Friday, 19 April 2013

Surviving the Spica: No Spica Needed!

Last Saturday, Katie and I met Chris' parents in Nashville to pick David up.  He had been with them overnight for his special birthday weekend.  Katie was all over the playground with her brace on.

It made me sort of sad while we were there to think that she was likely going to have to wear this huge, cumbersome brace for the indefinite future.

It didn't stop her from doing much, but it's certainly a pain.  And let's be honest - it is exceptionally obvious, and for a child who already has a disability with physical features that people think are different, we've got enough different going on; we don't need a brace too.  Katie, however, really didn't seem to care about the brace.  She hates wearing it, takes it off and hides it, yells when it's time to put it on, and slaps it on her leg, but she tolerates it.

Tuesday we went to the hospital for her tubes and her sedated hip exam.  We spent a lot of time waiting in the surgical waiting room.  (Like, three hours a lot of time waiting.)

She was such a good girl, and she entertained most of the people in there as she pushed a shopping cart around, and around, and around, and around the room waiving to people and telling them goodbye.  Seven people in that waiting room told me they loved her hair, which cracked me up.  It's not some unique haircut!

I cracked up when I saw this on her pre-op intake information.  "Down's facies".  I guess that could be offensive to some people, but according to the dictionary "facies" means "a facial expression characteristic of a pathological condition."  It sounds like a word Jack would use.

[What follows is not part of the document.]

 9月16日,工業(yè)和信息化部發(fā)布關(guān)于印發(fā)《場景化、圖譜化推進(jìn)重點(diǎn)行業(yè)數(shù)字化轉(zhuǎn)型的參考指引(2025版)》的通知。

Once we got moved back to the pre-op section, Katie knew what was up.  And her patience went out the window.  We had to wait a little longer than normal, because her ENT doctor wasn't actually in surgery that day; he was seeing patients.  We knew that, and I'm so appreciative that he was willing to run over to do her tubes so she didn't have to be anesthetized on a different occasion for it.  We have the best doctors!

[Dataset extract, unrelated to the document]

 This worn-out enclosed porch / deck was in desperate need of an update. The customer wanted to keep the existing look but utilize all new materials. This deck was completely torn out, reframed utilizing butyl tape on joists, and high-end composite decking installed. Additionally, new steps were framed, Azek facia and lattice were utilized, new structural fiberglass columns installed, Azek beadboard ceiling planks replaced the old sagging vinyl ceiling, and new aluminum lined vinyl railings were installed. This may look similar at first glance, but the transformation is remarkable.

Some children snuggle with a stuffed animal . . . Katie snuggles with an iPad.
With a monogrammed cover.

Her exam by her orthopedic doctor was quick.  Chris and I were STARVING by the time they finally took her back (no eating or drinking in the waiting room, as none of the children in there can have food or drink) and ran downstairs to the dining area to get something to eat.  As soon as we came back up, they put us in a consult room to wait for her doctor.  He had a big smile on his face when he came in and said he had good news and bad news.  The bad news was that he couldn't get her hip to dislocate, no matter what position or with what force he tried.  It would not come out of the socket.  That's also great news!  Based on her symptoms when she "dislocates" and the fact that he couldn't get it to dislocate at all, he is quite confident that she doesn't, in fact, have hip dysplasia.  That's the best news we could have gotten.  Hip issues for people with Down syndrome are life long problems.  

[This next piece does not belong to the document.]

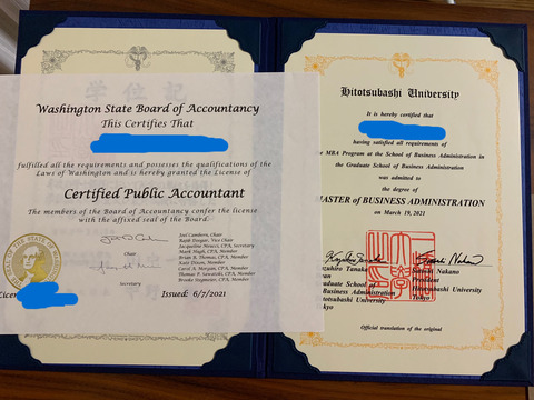 ライセンス証書がきた1型だけど、USCPAと簿記1級。

He now believes that she has iliotibial band syndrome.  Essentially what is happening is that the iliotibial band (the huge band of muscle that runs down your thigh) is getting hooked on part of her hip, and it gets stuck.  When that happens, her leg is stuck in the same position it would be if it were to dislocate.  He said that the symptoms are essentially identical.  It is excruciatingly painful, the leg is locked in one position, and you hear a pop when the muscle releases (as you do with a hip dislocation when it pops back in).  All of that describes what has happened to Katie.

It's an injury that a lot of runners get, but it can also be caused by:  flat feet, supination of the feet, excessive lower leg rotation from pronation of the foot, bowed legs, weak hip abductor muscles, and a weak multifidus muscle.  (You may note, all of those causes are also issues for people with Down syndrome, including Lady K.)  This is a much better problem for her to have than hip dysplasia.  This can be repaired with a surgical procedure, which is far less invasive than the osteotomy we were anticipating.

The plan now is to go back to see him in three months.  No brace until then!  YAHOO!  He wants it to happen again.  If/when it does, we are to take pictures and video as much as possible, then get her to an ER and have them x-ray the leg in the "dislocated" position without repositioning her legs so he can be one hundred percent certain that the hip is in the socket when she has this issue.  We are very encouraged and feel good with the results.  And never in my life have I so badly wanted her leg to "dislocate" again!